• **Data section**:
▼
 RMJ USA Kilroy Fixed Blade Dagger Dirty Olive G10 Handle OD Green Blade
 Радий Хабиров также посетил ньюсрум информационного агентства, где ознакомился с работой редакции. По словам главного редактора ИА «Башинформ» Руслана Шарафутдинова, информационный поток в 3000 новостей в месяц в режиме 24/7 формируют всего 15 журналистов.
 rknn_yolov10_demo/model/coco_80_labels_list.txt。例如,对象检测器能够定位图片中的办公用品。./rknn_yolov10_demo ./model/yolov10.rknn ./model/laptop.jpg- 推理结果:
▲
▼
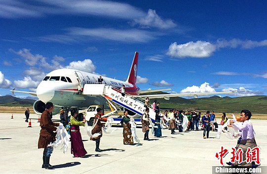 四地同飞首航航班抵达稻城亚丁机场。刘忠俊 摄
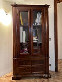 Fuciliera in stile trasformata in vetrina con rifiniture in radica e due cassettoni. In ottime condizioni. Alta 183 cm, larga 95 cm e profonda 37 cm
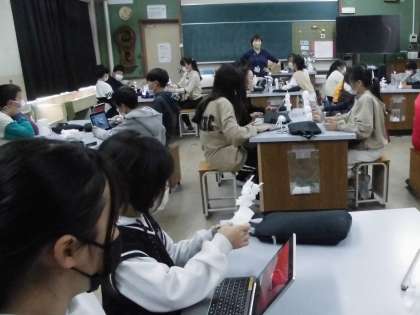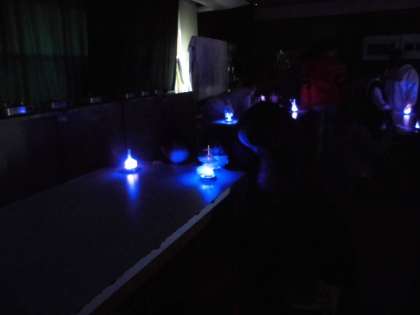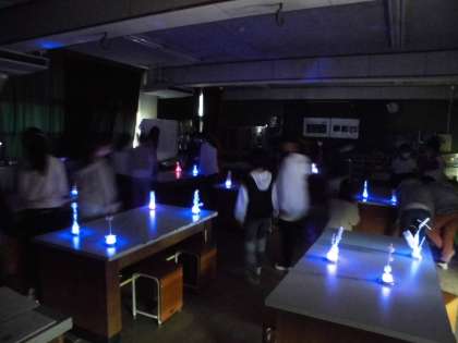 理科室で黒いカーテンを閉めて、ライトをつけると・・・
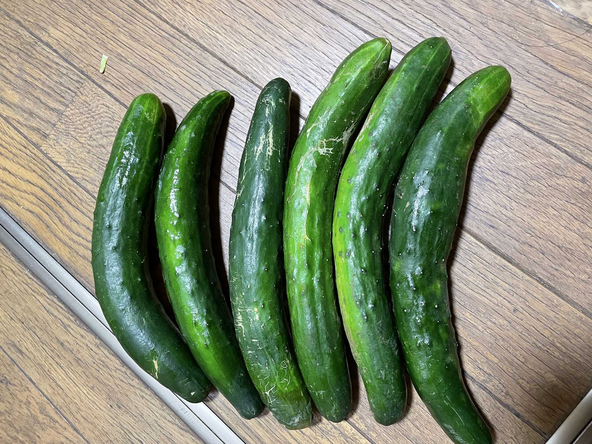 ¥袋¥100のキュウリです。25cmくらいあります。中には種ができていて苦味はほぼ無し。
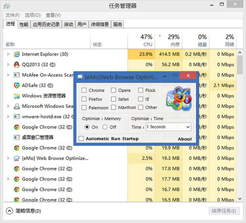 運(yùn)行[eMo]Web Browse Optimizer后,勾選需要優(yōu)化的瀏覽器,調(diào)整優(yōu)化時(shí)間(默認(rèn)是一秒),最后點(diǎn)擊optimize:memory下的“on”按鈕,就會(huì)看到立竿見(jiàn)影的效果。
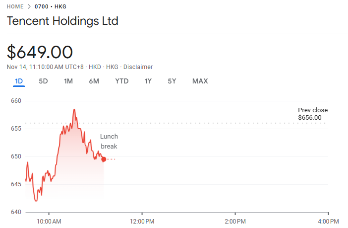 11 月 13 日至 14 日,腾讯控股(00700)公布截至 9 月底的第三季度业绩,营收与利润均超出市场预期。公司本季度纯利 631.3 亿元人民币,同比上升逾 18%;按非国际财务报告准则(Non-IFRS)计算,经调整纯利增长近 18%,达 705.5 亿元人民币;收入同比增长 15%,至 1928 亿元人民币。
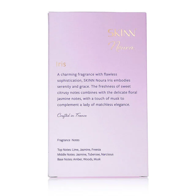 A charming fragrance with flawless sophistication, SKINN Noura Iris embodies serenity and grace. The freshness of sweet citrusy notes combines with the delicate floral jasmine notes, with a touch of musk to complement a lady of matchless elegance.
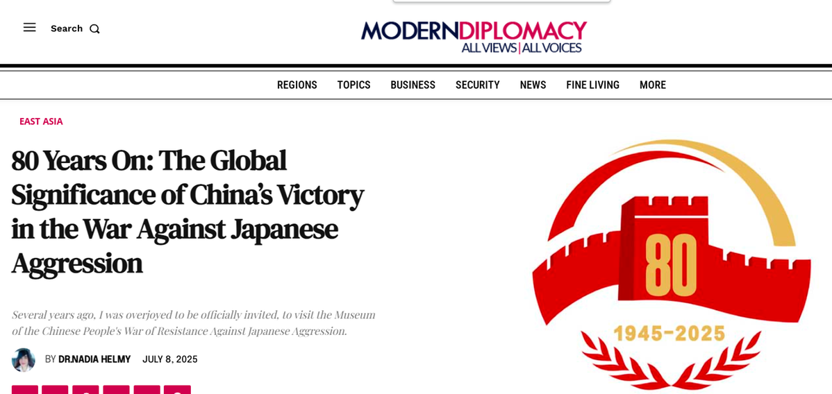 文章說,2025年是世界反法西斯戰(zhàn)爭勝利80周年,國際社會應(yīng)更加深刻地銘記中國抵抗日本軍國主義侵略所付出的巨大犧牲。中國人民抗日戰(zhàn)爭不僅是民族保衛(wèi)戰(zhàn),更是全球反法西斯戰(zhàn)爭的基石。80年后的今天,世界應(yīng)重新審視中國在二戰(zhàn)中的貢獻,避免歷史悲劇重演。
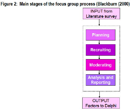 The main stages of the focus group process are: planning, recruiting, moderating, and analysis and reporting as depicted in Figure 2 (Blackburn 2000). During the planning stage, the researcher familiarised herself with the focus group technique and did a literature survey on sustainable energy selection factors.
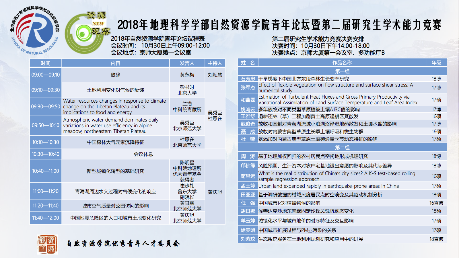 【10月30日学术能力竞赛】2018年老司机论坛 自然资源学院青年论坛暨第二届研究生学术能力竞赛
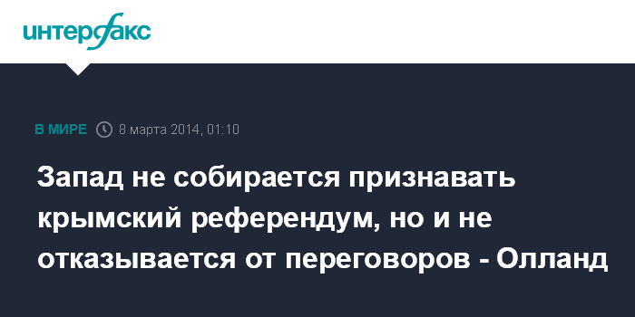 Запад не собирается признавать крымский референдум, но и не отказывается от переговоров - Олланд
▲
• **What is being asked**: Every line above from the line with "RMJ USA Kilroy" to the line with "Радий Хабиров также", inclusive, must be returned exactly; no other line belongs in the reply.

• **Your response**:
 RMJ USA Kilroy Fixed Blade Dagger Dirty Olive G10 Handle OD Green Blade
 Радий Хабиров также посетил ньюсрум информационного агентства, где ознакомился с работой редакции. По словам главного редактора ИА «Башинформ» Руслана Шарафутдинова, информационный поток в 3000 новостей в месяц в режиме 24/7 формируют всего 15 журналистов.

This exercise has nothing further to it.